Encounters are confrontations. The other confronts our presumptions about what’s next and our assumptions about what’s the case, that self-ratifying system of habits of behavior and belief, part personal, part public, that characterizes our inattentive efficiency. In an encounter, the alitorium of the other, that global environment of others and othernesses the other lives in, presents itself to us in ways that presses, tugs, infects and disinfects, awakens and suppresses parts of our alitorium. Perhaps we respond with change, perhaps with renewed resistance to change, but the confrontation occurs and, subtly or dramatically, reluctantly or readily, our alitorium changes.
We can think about our system of habits of behavior and belief in terms of our pep, the powers we exert, the energies we expend, the potentialities we exploit, in terms of observable influences, exertions or actions which can serve as clues about our alitorium. It’s through observation of someone or something’s pep that we get a sense of its alitorium and the alitorium’s alterations. More pep here.
So, for instance, when we see someone or something exerting power by discouraging, suppressing or penalizing, we can make inferences about a whole section of their alitorium related to the norms guiding their important others, and themselves.
So let’s say someone explains that they won’t wear a face mask at a party because the social norms of the group would think it ‘inappropriate’. We can infer something about the alitorium of that person related to other party goers and the power of their looks and laughs.
Or, if we see someone or something struggling, striving, stressed, teetering, we can make inferences about the part of their alitorium related to forces at work and constraints in place in their environment.
Let’s say we see someone struggling to make student loan debt payments while faced with high prescription prices (painfully, too common). Clearly the alitorium of that person gives prominent place to the particular others exhibiting the forces of physical need (the body) and the constraints of legal obligation (the lender).

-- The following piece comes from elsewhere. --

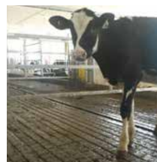
Anti skli mønster for fjøs.

Or, if we see someone or something responding to the latent possibility, not yet the actuality, of something else experiencing shifts in its equilibrium or internal distribution, we can make inferences about the part of their alitorium that’s about the calculation of capabilities of others and their component parts.
So let’s say someone has lived by a doctrine of making sure none of their relevant peers is significantly more influential overall than the other others. An example might be British foreign policy vis a vis continental Europe in the nineteenth century, for instance. But if there’s a suspicion that one peer is capable of expanding its influence in a way that might threaten that balance of power, action might be taken, perhaps to contain, perhaps to challenge, itself based on an assessment of what others, and we ourselves, can, may and will actually do.
The ultimate, but much more equivocal, inferences we can make based on pep observations are to motives or agendas, the whys of our actions.
Our pep then is a way to compare our before and after encounter selves. Not all changes are dramatic, not all changes are sudden, not all changes are massive, but there will be some eventually discernible change, and reflection on our encounters is likely to reveal it.